Michael Scott: And this is Erin and she is going to shave my face. Here we go. [Erin squirts far too much shaving cream onto Michael's face]
Deangelo: Alright. This is how we do it. Feels nice, doesn't it?
Michael Scott: It really does. This is luxury. Here we go. Ah, that is nice.

Quote from Michael Scott

Oscar: You wanted to talk to us, Deangelo?
Deangelo: Ah, yes, please. Just cozy up there. Just thought we could have some rap sessions with smaller groups.
Michael Scott: Well, we don't really do rap sessions. We kinda do- [as Erin shaves him] God! We sorta do more of like pow-wows or whatevs-
Deangelo: Okay, then, powwows then, fine.

Quote from Jim

Pam: Hey, Deangelo, my mom just sent me this picture of Cece, it is so adorable.
Jim: Alright, wait, little bit of backstory, she loves dogs. She calls them "da-das".
Pam: "Da-das".
Jim: And what happens here is-
Deangelo: You know what, enough about your baby, okay? I'm sorry.
Jim: We were- I think she was just trying to-
Deangelo: No, no, no, I know what you're doing. Just quit it.

Quote from Michael Scott

Deangelo: I want to hear from the rank and file. How can I be the best manager for you all? What can I do better?
Michael Scott: You know what, everybody? You have to be honest, here.
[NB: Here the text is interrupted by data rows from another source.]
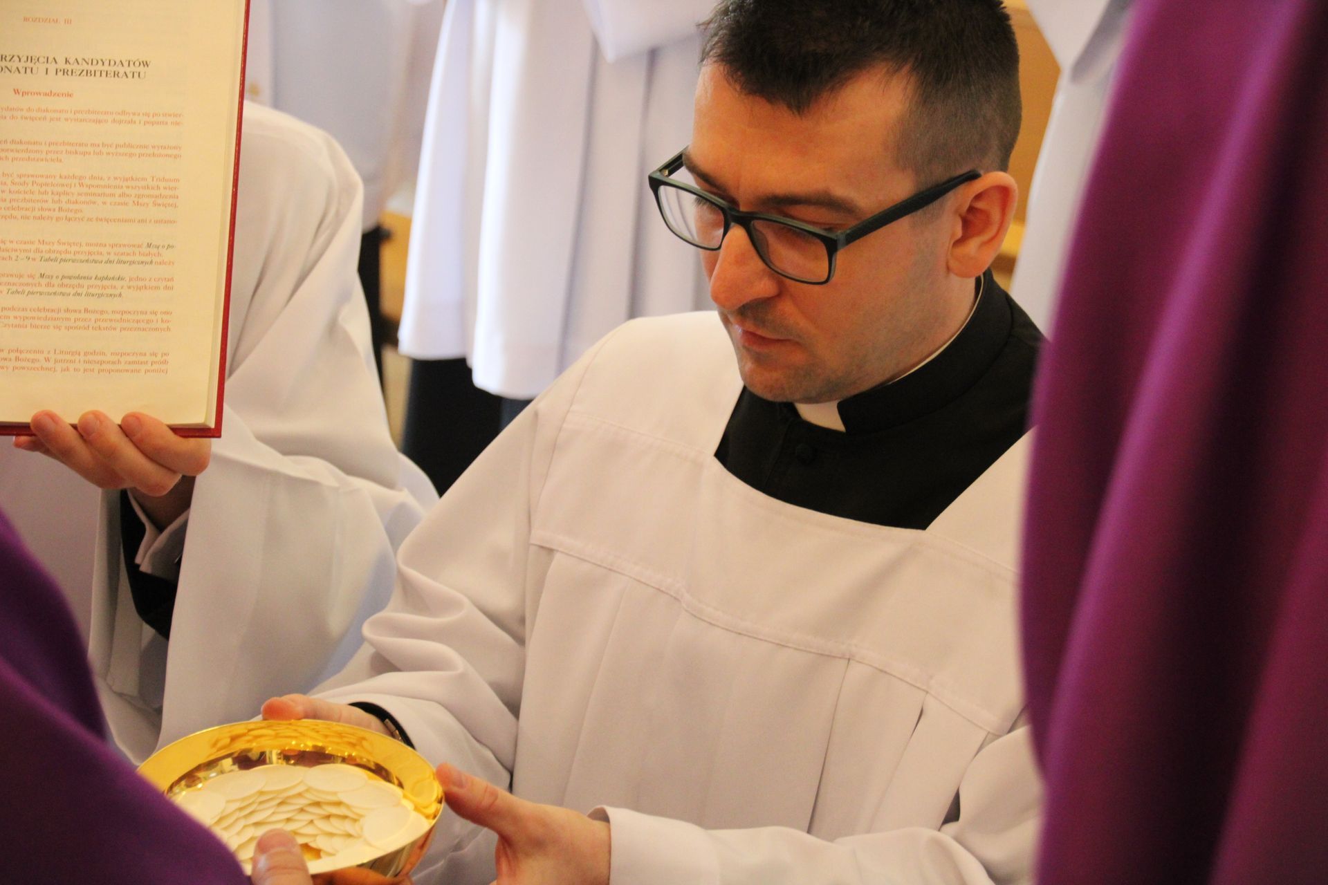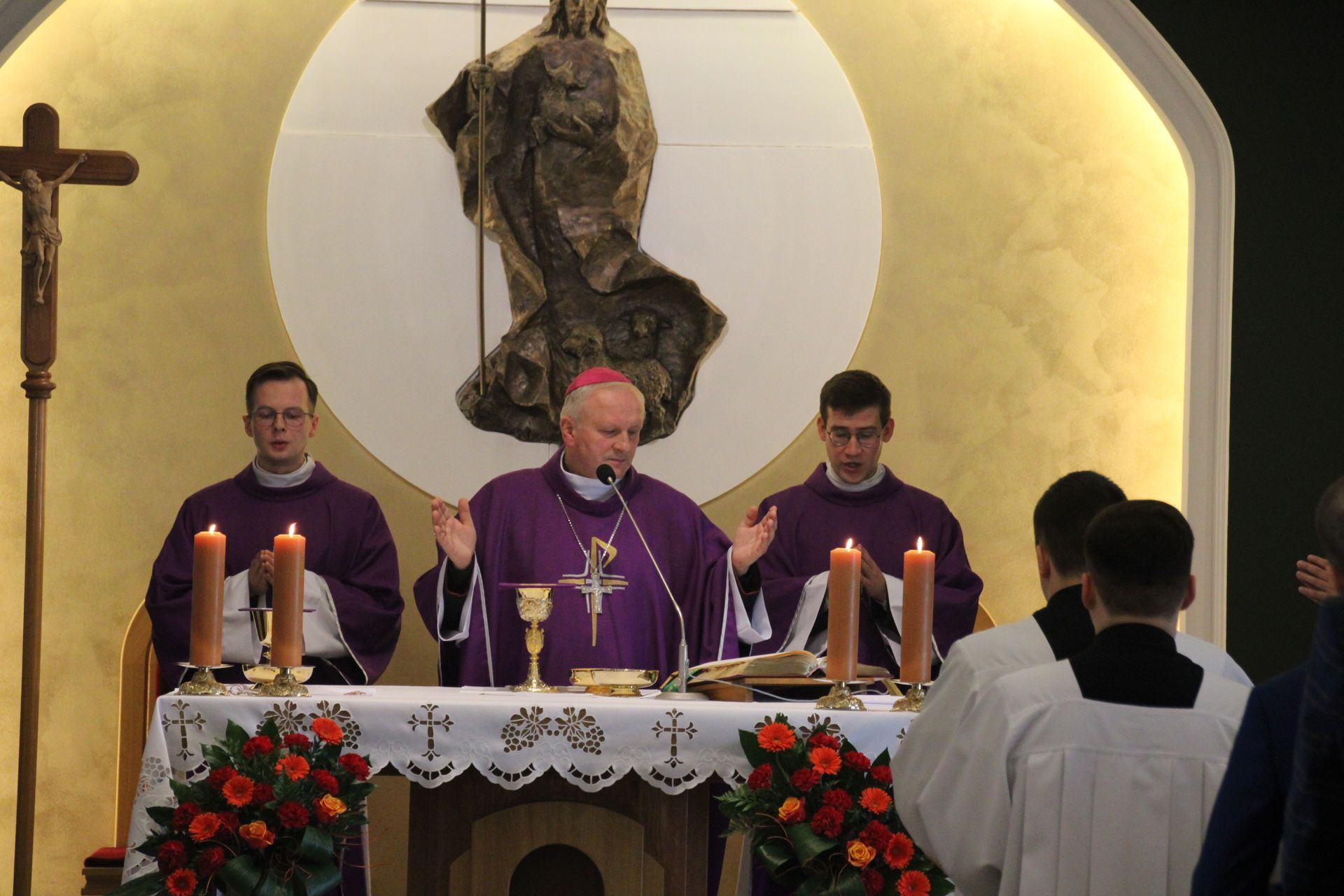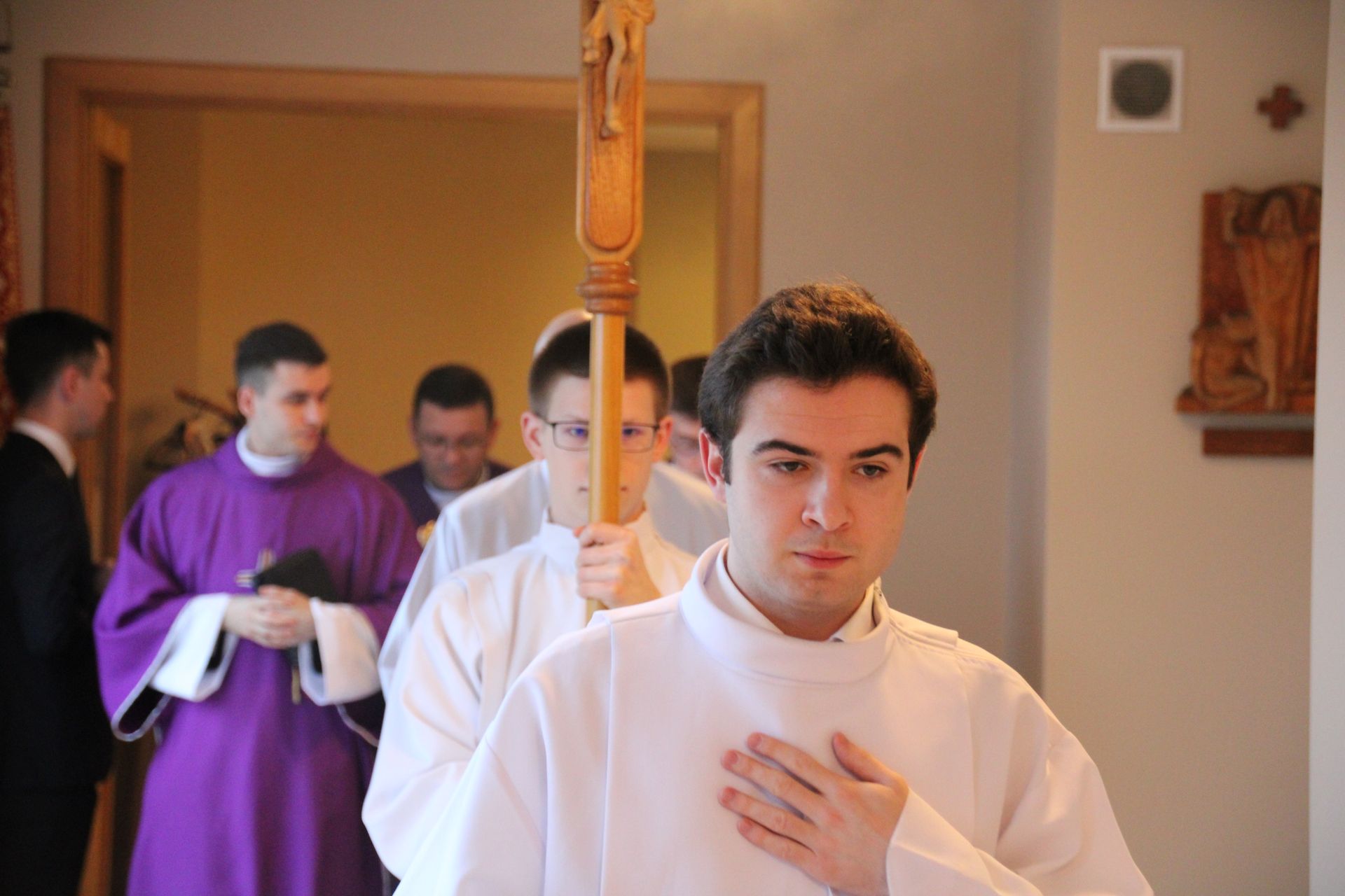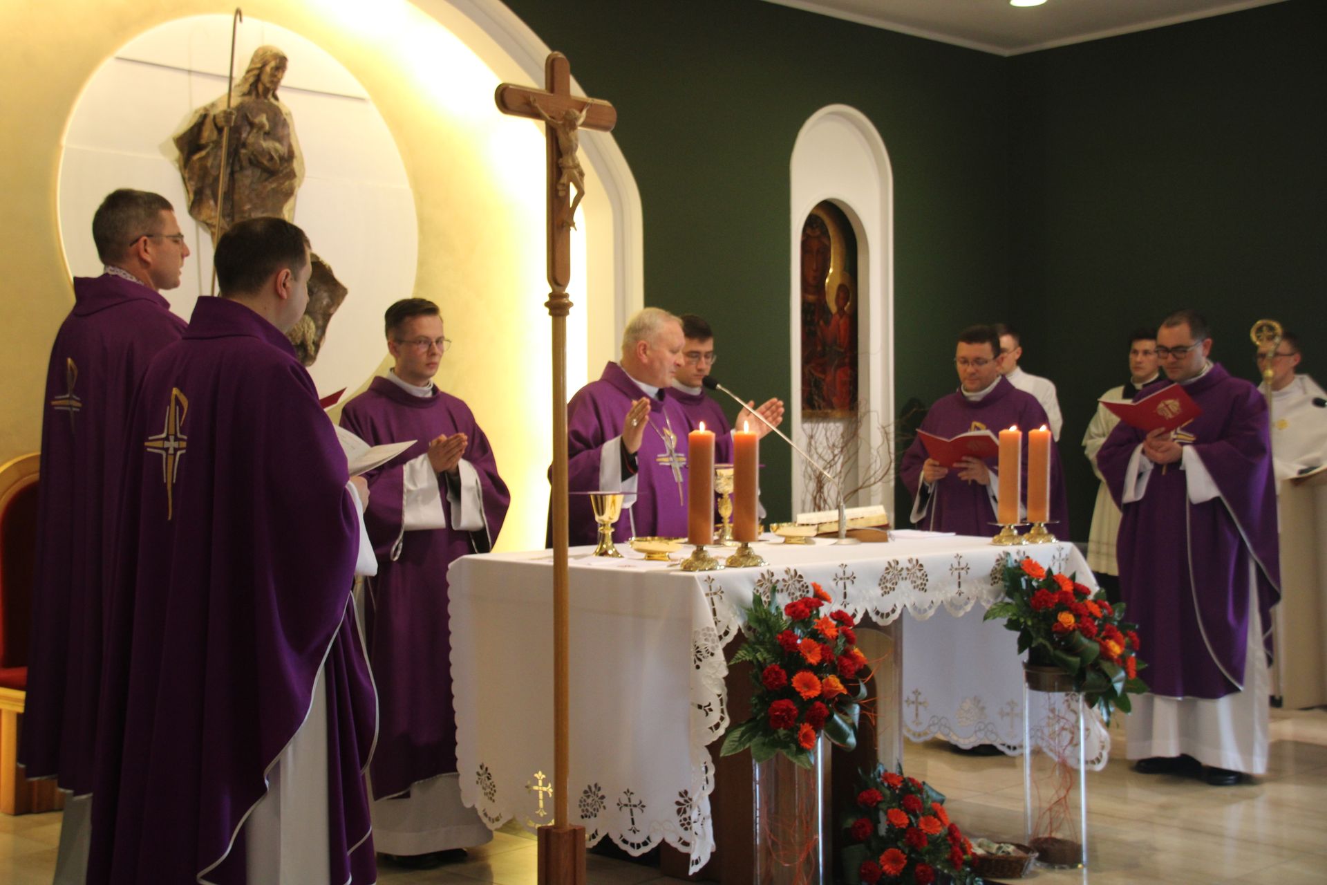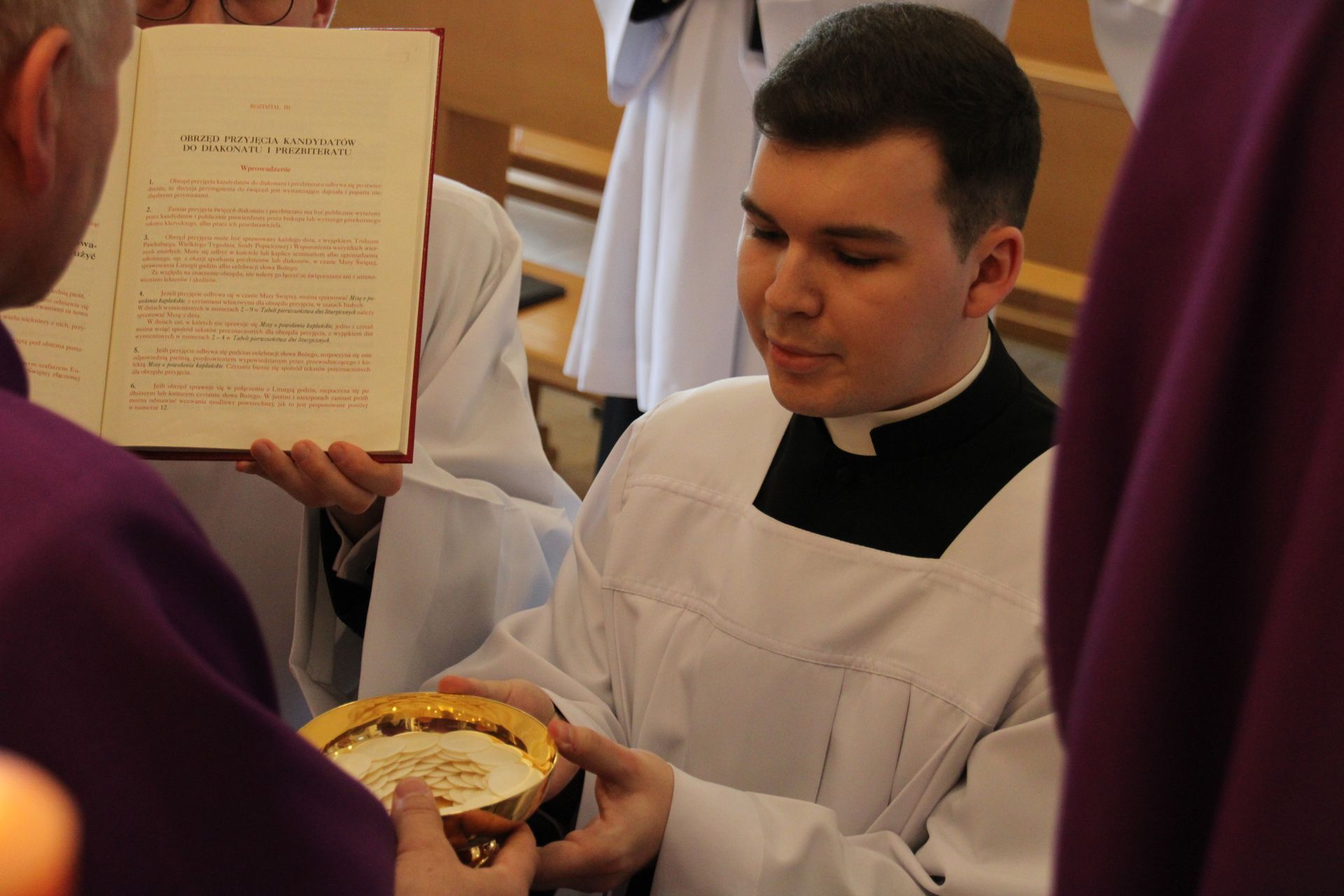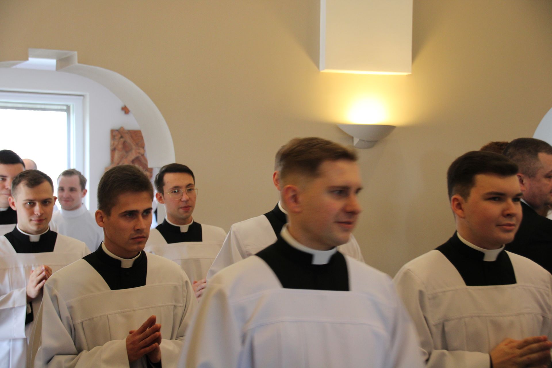 26 listopada, kilka dni po liturgicznym wspomnieniu św. Cecylii, która jest patronką muzyki kościelnej, przeżywaliśmy w naszej wspólnocie seminaryjnej wybudzenie i poświęcenie nowych organów. Z tej okazji gościliśmy w naszym domu JE abp. Zbigniewa Zielińskiego metropolitę poznańskiego oraz byłych kantorów seminaryjnych. Eucharystii, podczas której nasze organy zostały wybudzone, przewodniczył abp Zbigniew wraz z gośćmi oraz naszymi moderatorami. Podczas homilii wspomniał o kończącym się już Roku Jubileuszowym oraz zachęcił, abyśmy w nowym roku liturgicznym i formacyjnym pod hasłem uczniowie-misjonarze potrafili wychodzić jak misjonarze do ludzi z nadzieją, którą podczas tego Roku Jubileuszowego nabraliśmy i byli jej znakami w tym świecie. Po wygłoszonej homilii JE abp. Zbigniew wybudził, poświęcił oraz okadził nasze organy. Po skończonej Eucharystii udaliśmy się na refektarz, gdzie podziękowaliśmy naszym gościom za przybycie i danie świadectwa o tym, że muzyka jest nieodłączną częścią liturgii. Po zakończonej modlitwie, dalszy ciąg świętowania miał miejsce na refektarzu, gdzie czekała na nas gotowa kolacja, którą wspólnie spożyliśmy, a następnie mogliśmy wrócić do kaplicy, gdzie wysłuchaliśmy koncertu, pt. "Laudate Dominum" naszej seminaryjnej scholi "Inclina Aurem". Większość koncertu miała na celu pokazać możliwości naszego nowego instrumentu muzycznego, lecz znalazł się także moment, w którym mogliśmy wysłuchać naszej scholi. Koncert odbył się w następującym porządku: Preludium w klasycznym stylu Gordona Younga (wyk. kl. Bartłomiej) Toccata i fuga d-moll Jana Sebastiana Bacha (wyk. kl. Bartłomiej) Preludium c-moll op. 28 Fryderyka Chopina (wyk. kl. Marcel) Ave Maria Franza Schuberta wykonany przez duet organowo - skrzypcowy (wyk. kl. Marcel (organy) i kl. Franciszek (skrzypce) Laudate Dominum Ciro Grassiego (wyk. Inclina Aurem) Toccata Georgiego Mushela (wyk. Tomasz Kramer) Dziękujemy wszystkim, dzięki którym mogliśmy świętować uroczyste wybudzenie organów, w szczególności pragniemy podziękować JE abp. Zbigniewowi Zielińskiemu oraz firmie, która te organy dla nas znalazła, sprowadziła i zbudowała. Jesteśmy wdzięczni także wszystkim, którzy byli w tym dniu z nami. Prosimy również o modlitwę, aby te organy służymy wielu następnym pokoleniom i wspomagały ich w modlitwie w tej kaplicy. Zdjęcia za: Arcybiskupie Seminarium Duchowne
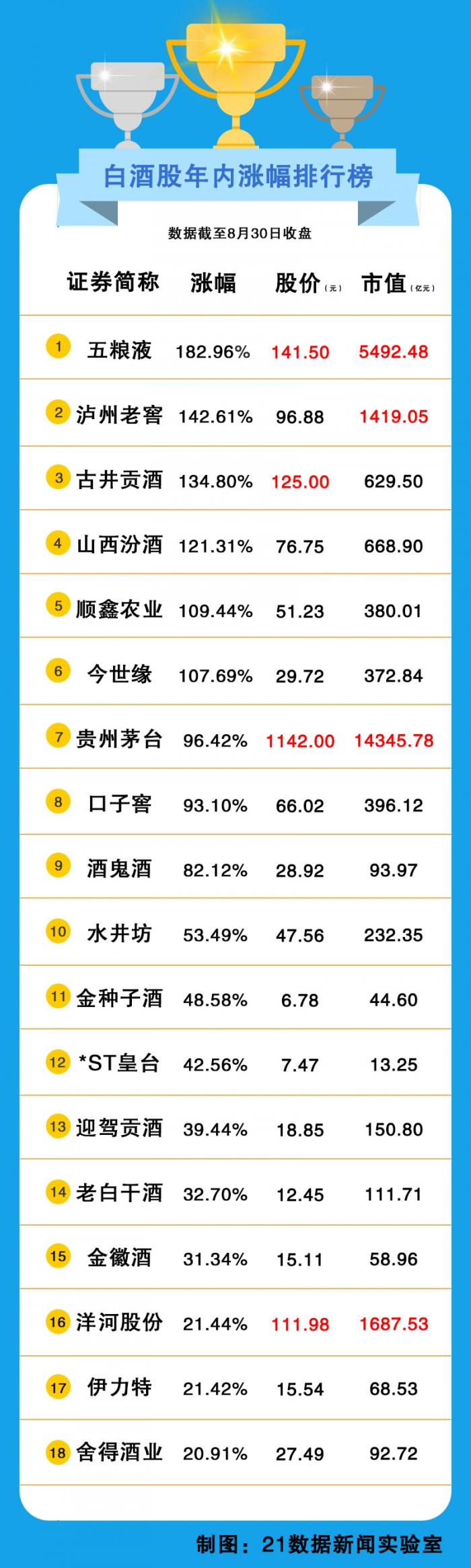 板块内个股实现了全线上涨,其中6只个股股价翻番,分别为五粮液、泸州老窖、古井贡酒、山西汾酒、顺鑫农业、今世缘。行业龙头股贵州茅台紧随其后,涨幅已达94.42%。即便是板块内涨势最弱的个股舍得酒业,涨幅也已达到20.91%,跑赢同期上证指数涨幅。
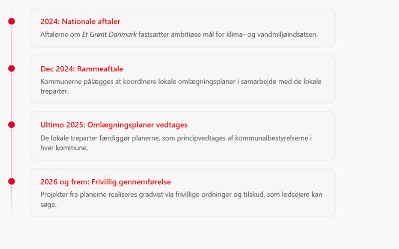 Hvis din jord er udlagt i den lokale omlægningsplan, behøver du ikke at foretage dig noget her og nu. Typisk vil kommunen eller et projektsekretariat kontakte dig, hvis der er konkret interesse i at starte et projekt på dit areal.

You can't say that everything is perfect, right? So, come up with something.
Oscar: Well, Deangelo, I'd say communication could be improved. People stopped reading memos, so everyone marks them urgent.
Michael Scott: Okay, you know what, I mark it urgent A, urgent B, urgent C, urgent D. Urgent A is the most important, urgent D you don't even really have to worry about.
Erin: Okay, Michael, can you stop talking now? I need to shave your lips.
Michael Scott: Don't shave my lips.

Quote from Andy

Deangelo: [Andy walks into room] What's up?
Andy: I don't mean to go into a rant here, but...
[aside to camera:]
Andy: I wrote the perfect joke. Topical, edgy, funny.
[back:]
Andy: ...I saw this thing in the news. Democrats want electric cars. Republicans don't. I'm thinking, "How crazy is it that we have a car debate going on in a city known for gridlock."
Deangelo: Um. Let's not- Let's not talk politics in the office, okay? I like you better as a funny guy.
Andy: [leans on table] I wasn't taking a position. It's just sort of one of those things where- [table collapses]
Deangelo: [laughter] Now, that's funny! That's funny! You walk much?

Quote from Gabe

Dwight K. Schrute: How do I become a manger at Sabre?
Gabe: First thing's first, thank you for coming to me directly. I know you could have called Tallahassee but they would've just looped back to me, so, it's cool you recognized my role here.
Dwight K. Schrute: I left a message at corporate.
Gabe: Ah. There you go. Get a recommendation from Michael. That'll put you right on the shortlist for next time there's an opening.
Dwight K. Schrute: Can't you just use the recommendation you already have on file?
Gabe: What recommendation?
Dwight K. Schrute: From when he recommended me to replace him.
Gabe: ... Um... I'm sorry, I never know how to act in these awkward-type situations.

Quote from Michael Scott

[As Michael and Deangelo embrace in an awkward hug:]
Michael Scott: Why did you have to be so damn good?
Deangelo: I... I'm adequate. I'm half as good as you.
Michael Scott: No, no, no. Come on. You are good, they know it.
Deangelo: Will you do me a favor and enjoy this time, okay? You've worked so hard, get your senioritis on. It's Lake Havasu time!
Michael Scott: Guess I've been working so hard I forgot what it's like to be hardly working.